Prior to index date, 29.4% of patients had no recorded sUA level. Patients without compared to those with CKD at index date had substantially higher missing test values (37.8% versus 14.4%). Of those with available sUA test data, 19.0% of patient without CKD had controlled sUA (< 6 mg/dl) at index date compared to 9.1% of patients with CKD at index date. Mean sUA levels were 7.6 ± 1.7 and 8.9 ± 2.1 mg/dL for those without and with CKD, respectively (p < 0.001). In addition, at index date 31.4% of patients had purchased at least one gout-related medication in the previous year, with higher rates among those with compared to without CKD at index date (with CKD = 27.1% vs without CKD = 39.2%).

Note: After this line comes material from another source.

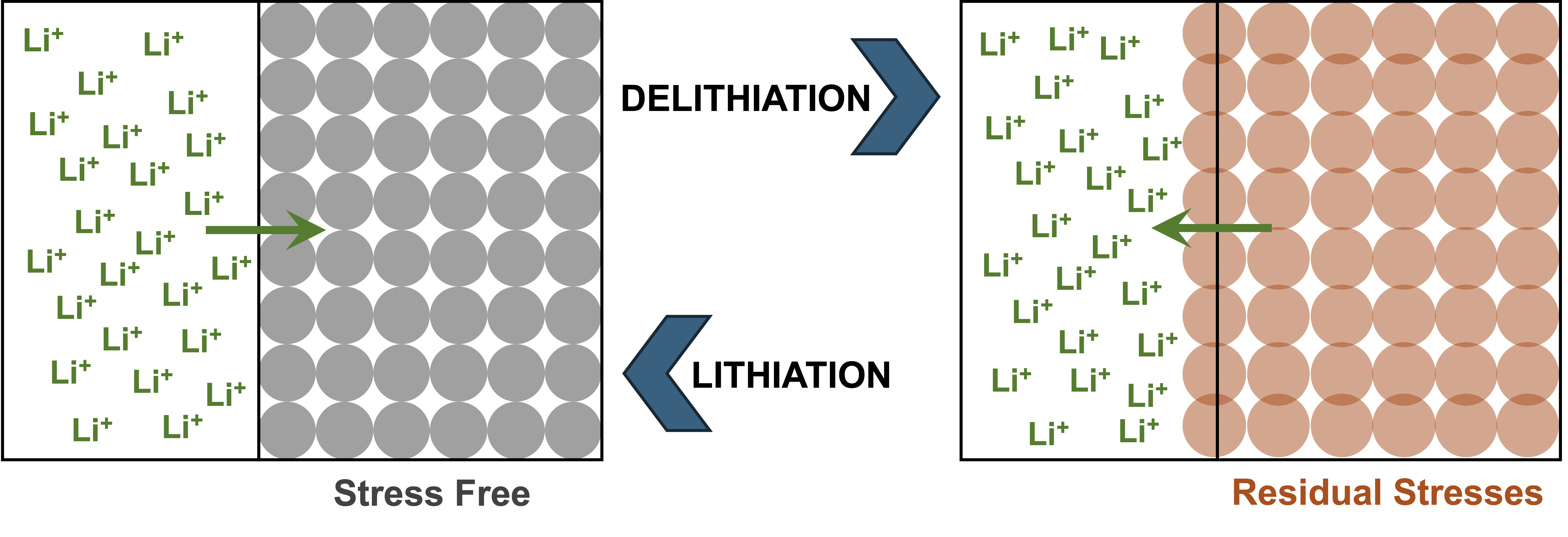 During the lithiation step, Vegard-induced lattice expansion causes individual active material particles to swell. In the constrained cathode microstructure, in-plane deformation is restricted by neighboring particles and by the current collector, preventing free volumetric dilation and generating high compressive internal stresses at particle contacts. Once these stresses exceed the effective yield strength, inelastic densification occurs, creating an irreversible plastic strain. During subsequent delithiation, the chemical strain vanishes as lithium leaves the lattice, but the plastic strain remains as an eigenstrain field. This retained eigenstrain acts as a source term for the residual in-plane stress distribution in the lithium-free state, representing the fundamental mechanism of eigenstrain-driven degradation resolved by the analytical framework.

Healthcare utilization was calculated from one-year prior to index date to each year after index date over the 5-year follow-up period for patients with and without CKD and stratified by age group < 55 and 55+ years according to the population at the beginning of each follow-up year (see Table 2). Over the 5-year follow-up period from index date, 33.6% of patients presenting with CKD at index date either died or left Clalit, compared to 9.3% of those without CKD at cohort entry. Substantially more patients were lost to follow-up among the older age group (12.4% without CKD and 35.3% with CKD) compared to gout patients in the younger age group (4.4% without CKD and 8.5% with CKD). During the year prior to diagnosis, younger patients with CKD compared to patients without CKD had twice as many general practitioner visits and imaging tests performed, over four times more hospital admissions, almost triple the average months of allopurinol purchases per year and the number of sUA tests performed. Similar, but more attenuated differences were observed for those in the older age group. Between group differences for patients with versus without CKD were observed for unadjusted and adjusted models (p < 0.001). There were statistically significant changes in rates from year 1 to year 5 for healthcare utilization among all gout patients (p < 0.05) with the exception of younger patients and general practitioner visits where rates remained stable over time regardless of CKD status (Table 2). Among younger patients, the rate of change over time did not differ for those with or without CKD. Decreasing number of visits per patient were observed for specialists, imaging, hospitalizations and sUA testing, while the number of months of allopurinol use increased similarly for those with and without CKD over time. For example, those with CKD < 55 years purchased allopurinol on average for 3.49 ± 4.15 months in their first year from diagnosis and 4.36 ± 4.61 months in their fifth year from diagnosis. Among those 55+ years, the rate of change differed significantly between those with and without CKD for (p < 0.05) for average number per year of general practitioner visits, specialist visits, and months of allopurinol purchases. Healthcare resource use decreased for all with the exception of monthly allopurinol purchase for CKD patients 55+ years where rates increased from 2.71 ± 4.05 to 3.39 ± 4.63 from year 1 to 5.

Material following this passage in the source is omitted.